------ EXERCISE INPUT ------

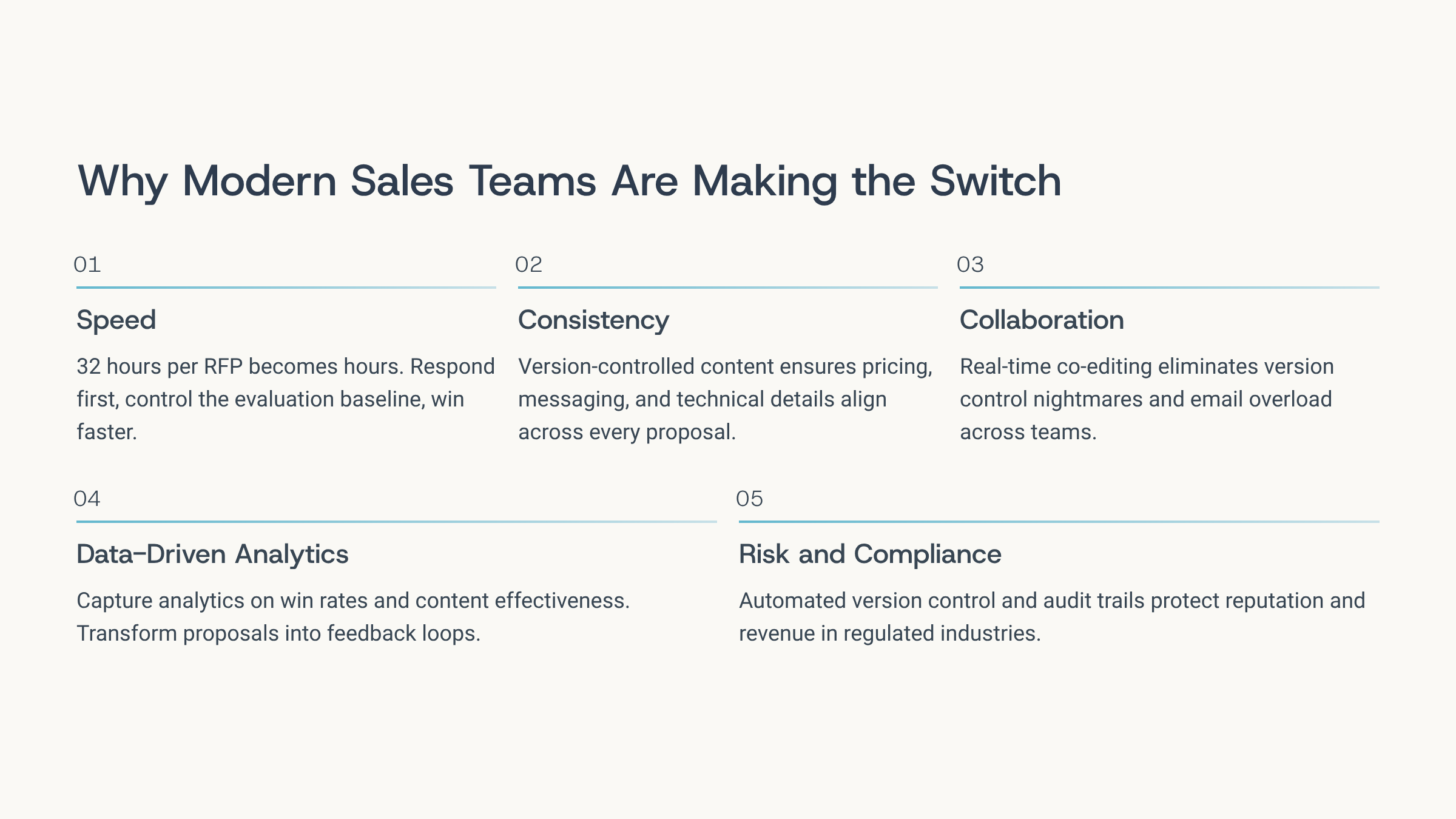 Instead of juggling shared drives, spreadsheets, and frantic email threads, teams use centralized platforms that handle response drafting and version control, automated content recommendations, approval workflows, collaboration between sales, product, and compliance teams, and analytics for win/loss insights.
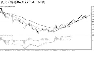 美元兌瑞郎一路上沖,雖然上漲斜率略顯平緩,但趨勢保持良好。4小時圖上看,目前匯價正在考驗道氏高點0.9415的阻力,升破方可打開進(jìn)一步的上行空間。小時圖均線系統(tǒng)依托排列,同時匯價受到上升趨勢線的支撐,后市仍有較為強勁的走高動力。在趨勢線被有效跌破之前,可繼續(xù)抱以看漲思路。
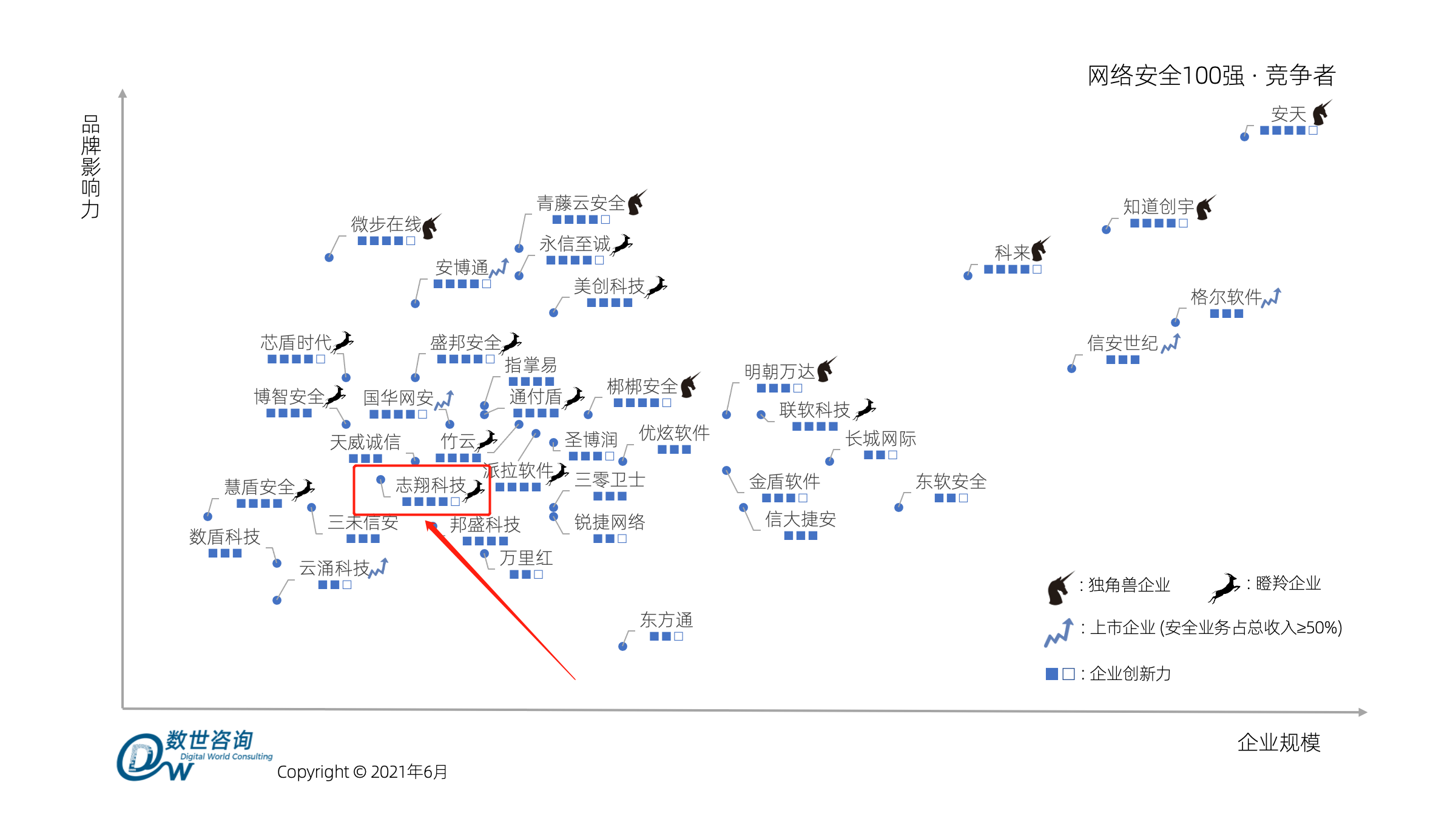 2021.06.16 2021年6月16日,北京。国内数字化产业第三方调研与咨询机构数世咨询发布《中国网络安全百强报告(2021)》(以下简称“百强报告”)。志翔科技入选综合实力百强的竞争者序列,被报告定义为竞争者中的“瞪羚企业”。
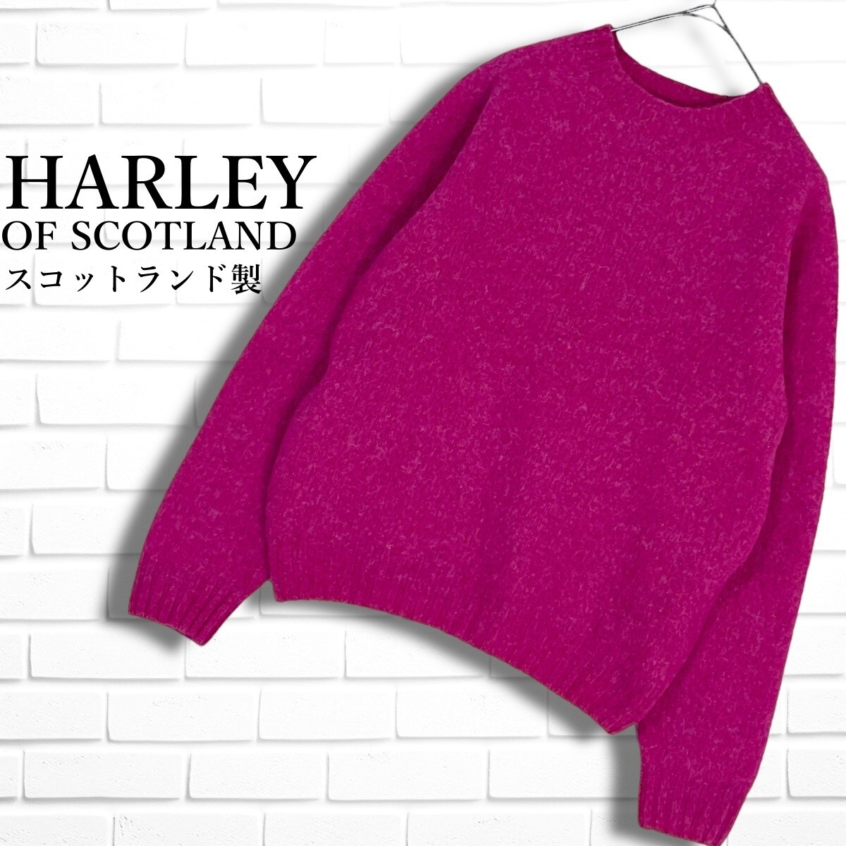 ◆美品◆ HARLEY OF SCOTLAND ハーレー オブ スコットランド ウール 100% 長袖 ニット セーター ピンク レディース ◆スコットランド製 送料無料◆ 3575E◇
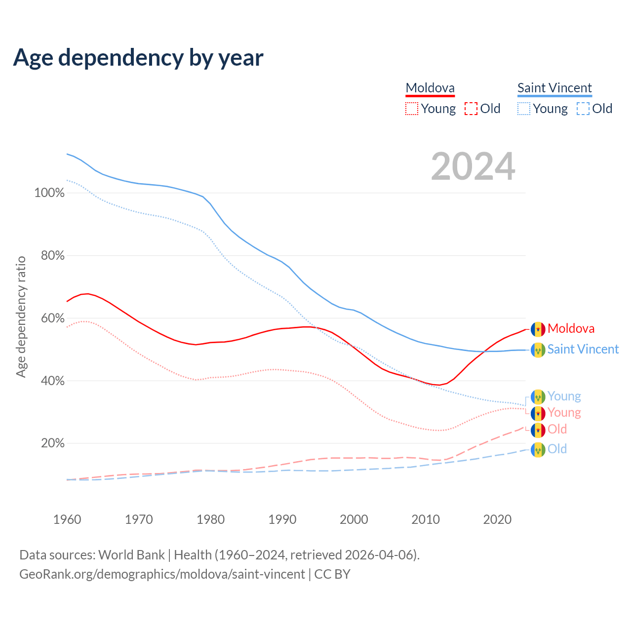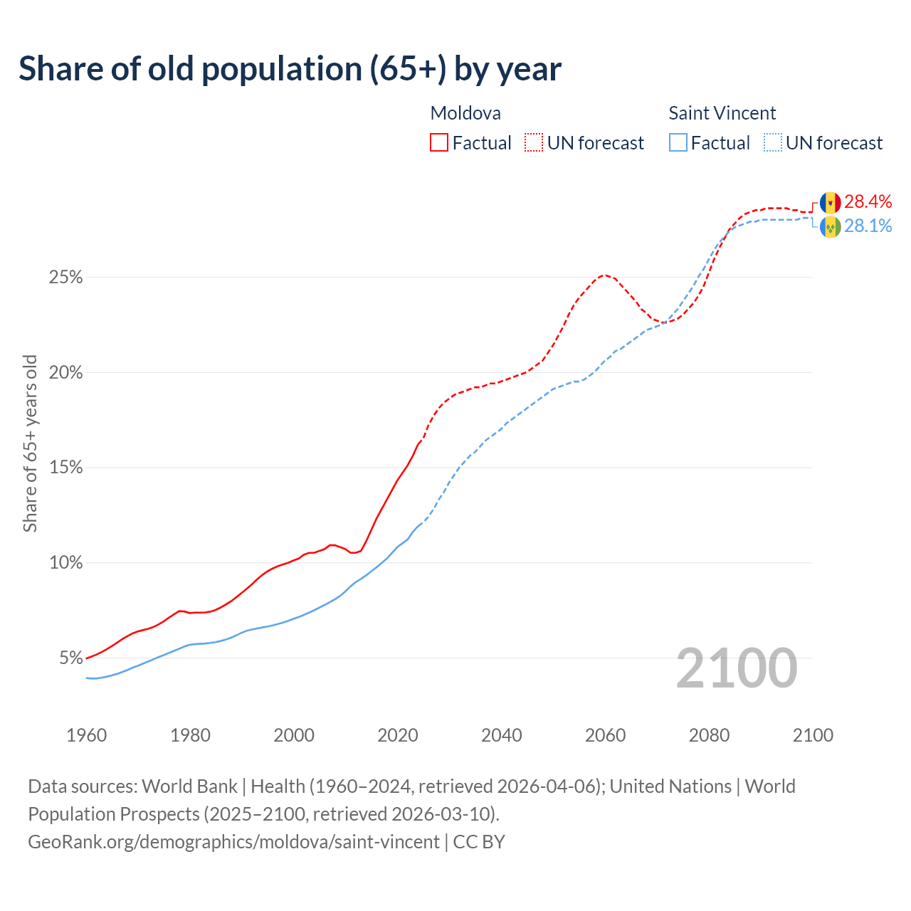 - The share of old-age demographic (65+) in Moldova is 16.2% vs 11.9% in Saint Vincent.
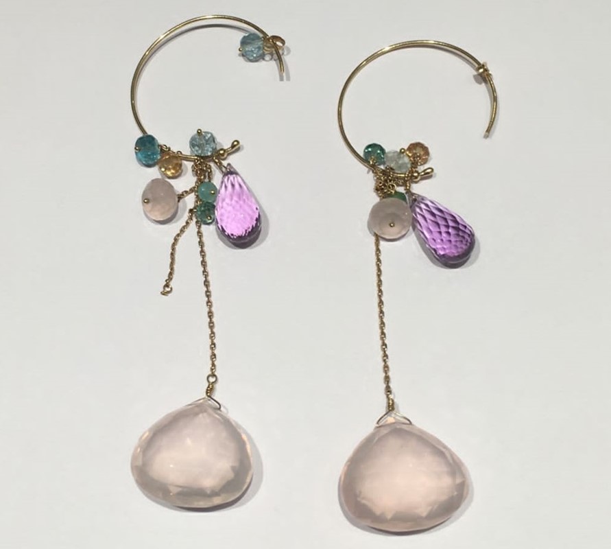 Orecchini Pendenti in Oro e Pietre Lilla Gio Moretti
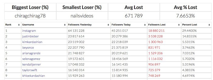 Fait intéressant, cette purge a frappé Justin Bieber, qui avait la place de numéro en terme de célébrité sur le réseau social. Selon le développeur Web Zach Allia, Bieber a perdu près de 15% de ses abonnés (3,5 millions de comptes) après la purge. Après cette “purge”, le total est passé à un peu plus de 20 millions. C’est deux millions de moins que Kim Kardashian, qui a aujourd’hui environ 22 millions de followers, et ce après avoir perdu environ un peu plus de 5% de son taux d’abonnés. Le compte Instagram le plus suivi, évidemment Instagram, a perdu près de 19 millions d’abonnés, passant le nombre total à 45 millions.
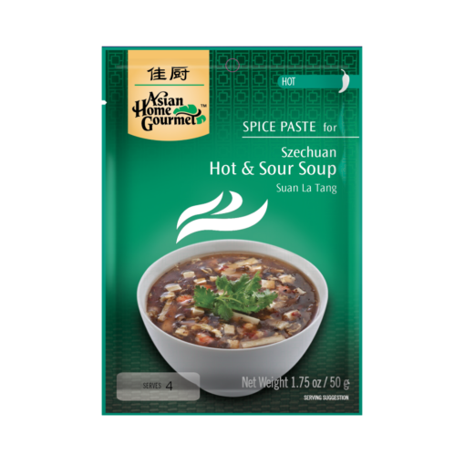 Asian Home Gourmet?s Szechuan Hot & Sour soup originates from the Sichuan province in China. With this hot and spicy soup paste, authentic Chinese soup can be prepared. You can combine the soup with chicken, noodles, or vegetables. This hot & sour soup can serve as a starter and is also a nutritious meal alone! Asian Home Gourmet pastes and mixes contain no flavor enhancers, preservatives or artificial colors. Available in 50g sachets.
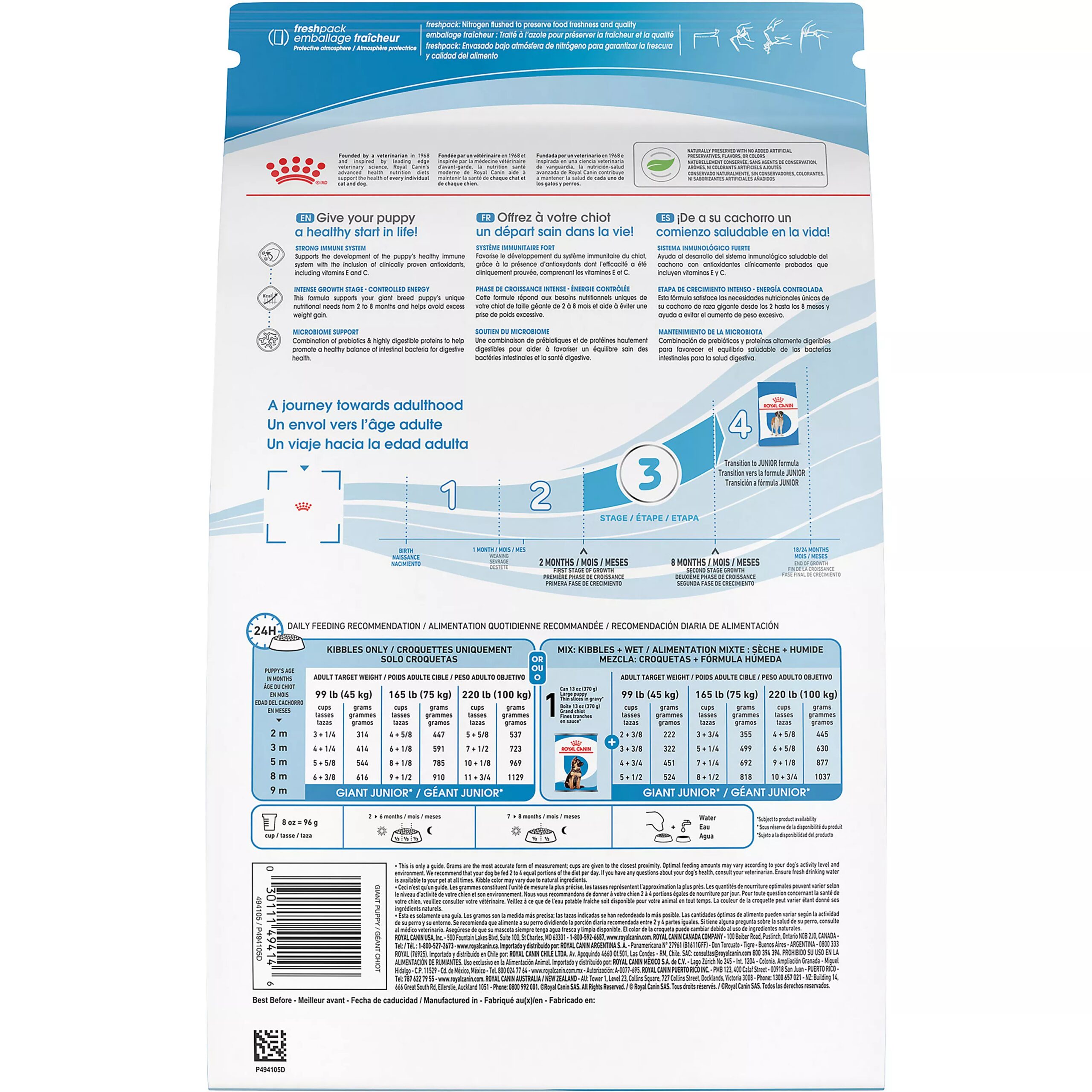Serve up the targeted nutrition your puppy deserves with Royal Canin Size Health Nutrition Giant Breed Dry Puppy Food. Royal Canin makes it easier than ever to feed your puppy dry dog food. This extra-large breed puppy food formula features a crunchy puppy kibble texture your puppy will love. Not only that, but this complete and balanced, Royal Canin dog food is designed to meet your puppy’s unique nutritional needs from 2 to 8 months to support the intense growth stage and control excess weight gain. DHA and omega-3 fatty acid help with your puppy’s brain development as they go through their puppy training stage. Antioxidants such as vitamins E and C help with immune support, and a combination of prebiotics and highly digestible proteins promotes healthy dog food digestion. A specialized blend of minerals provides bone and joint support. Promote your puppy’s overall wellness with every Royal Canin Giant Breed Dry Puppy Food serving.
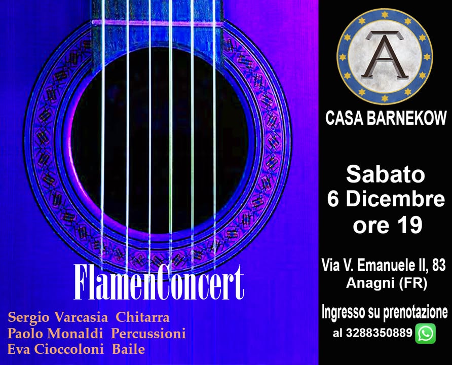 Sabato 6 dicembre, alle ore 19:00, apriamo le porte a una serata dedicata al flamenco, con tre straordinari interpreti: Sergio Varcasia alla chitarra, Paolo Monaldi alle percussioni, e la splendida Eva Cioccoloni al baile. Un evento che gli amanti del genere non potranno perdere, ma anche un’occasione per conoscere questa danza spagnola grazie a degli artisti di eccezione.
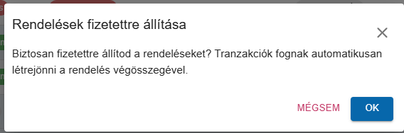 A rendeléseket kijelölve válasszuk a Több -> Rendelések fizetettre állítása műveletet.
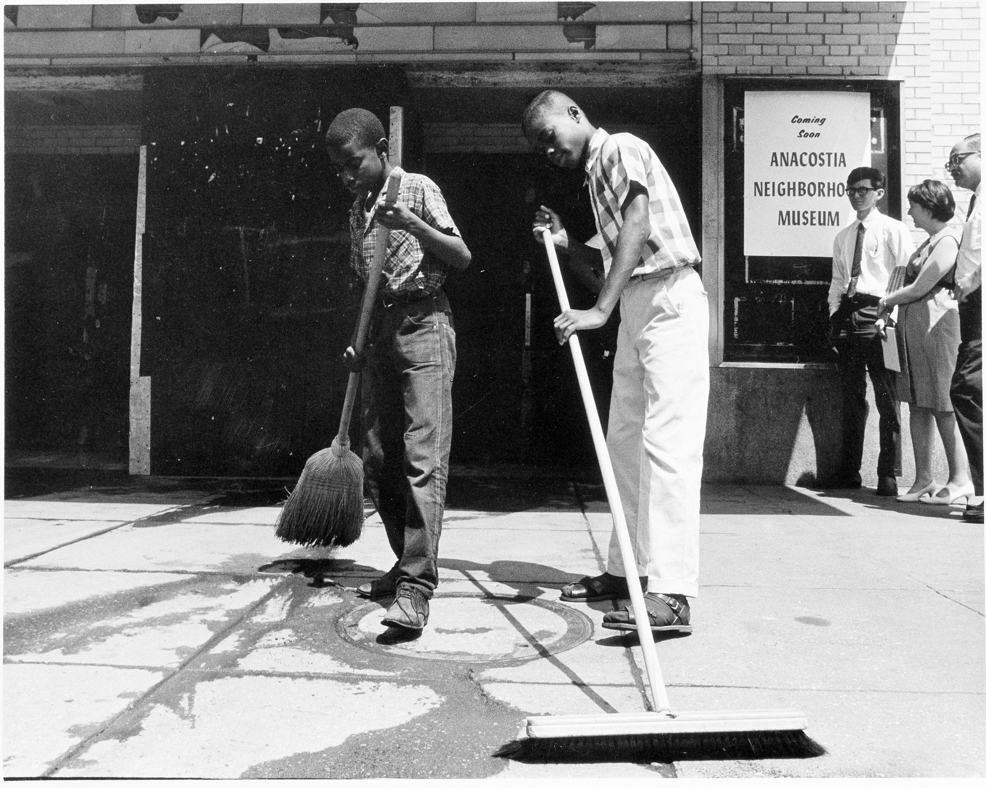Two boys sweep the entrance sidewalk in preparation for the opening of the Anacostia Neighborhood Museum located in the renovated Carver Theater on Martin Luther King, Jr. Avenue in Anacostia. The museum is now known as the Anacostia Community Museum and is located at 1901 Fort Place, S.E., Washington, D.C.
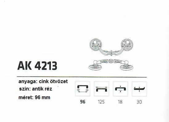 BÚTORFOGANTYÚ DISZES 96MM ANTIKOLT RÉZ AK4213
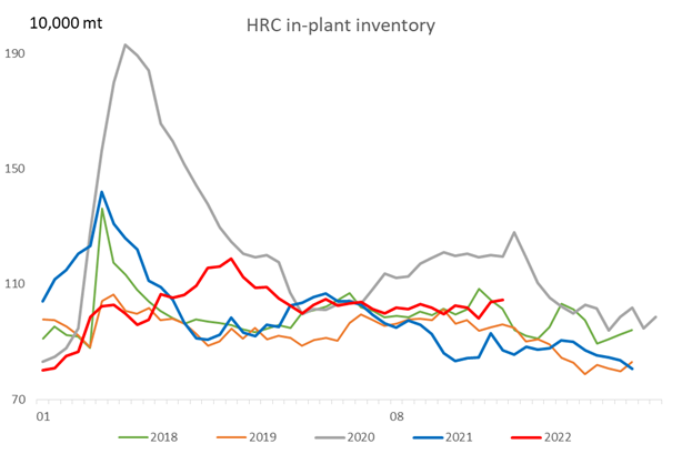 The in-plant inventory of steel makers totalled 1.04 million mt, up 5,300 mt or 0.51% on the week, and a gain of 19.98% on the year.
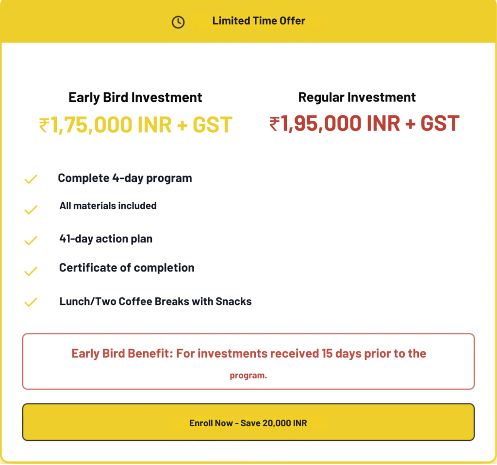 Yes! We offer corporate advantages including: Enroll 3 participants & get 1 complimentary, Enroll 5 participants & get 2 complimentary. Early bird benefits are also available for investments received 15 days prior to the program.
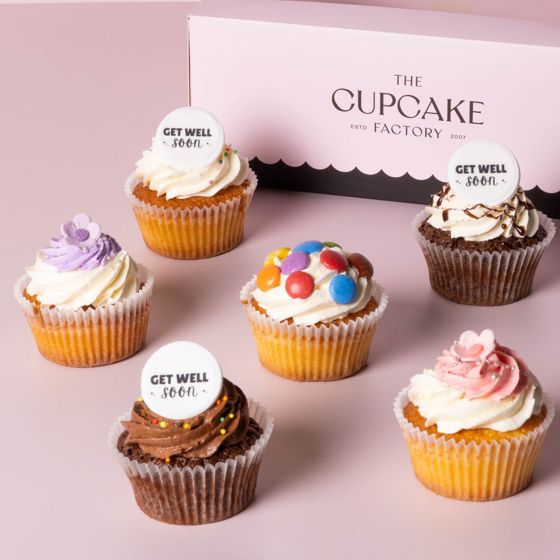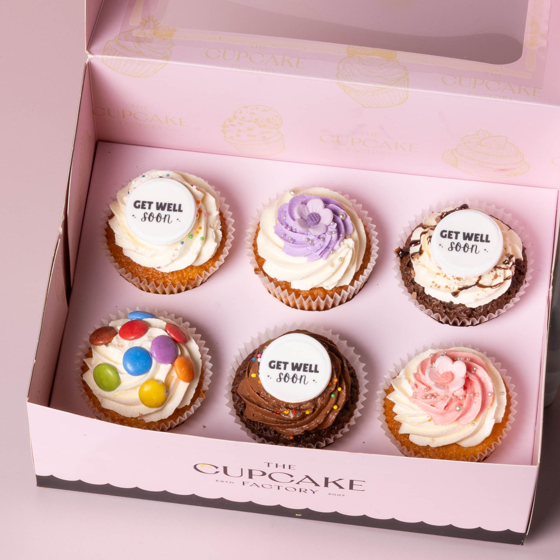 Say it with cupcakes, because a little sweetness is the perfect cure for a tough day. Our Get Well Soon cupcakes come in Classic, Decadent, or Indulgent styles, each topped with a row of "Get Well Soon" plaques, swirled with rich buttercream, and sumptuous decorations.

------

# WORK INSTRUCTIONS
Above are the records; return the lines in them from the one with "Fait intéressant, cette" to the one with "Asian Home Gourmet?s", inclusive, exactly and without images.

# RESULT OF THIS TASK
 Fait intéressant, cette purge a frappé Justin Bieber, qui avait la place de numéro en terme de célébrité sur le réseau social. Selon le développeur Web Zach Allia, Bieber a perdu près de 15% de ses abonnés (3,5 millions de comptes) après la purge. Après cette “purge”, le total est passé à un peu plus de 20 millions. C’est deux millions de moins que Kim Kardashian, qui a aujourd’hui environ 22 millions de followers, et ce après avoir perdu environ un peu plus de 5% de son taux d’abonnés. Le compte Instagram le plus suivi, évidemment Instagram, a perdu près de 19 millions d’abonnés, passant le nombre total à 45 millions.
 Asian Home Gourmet?s Szechuan Hot & Sour soup originates from the Sichuan province in China. With this hot and spicy soup paste, authentic Chinese soup can be prepared. You can combine the soup with chicken, noodles, or vegetables. This hot & sour soup can serve as a starter and is also a nutritious meal alone! Asian Home Gourmet pastes and mixes contain no flavor enhancers, preservatives or artificial colors. Available in 50g sachets.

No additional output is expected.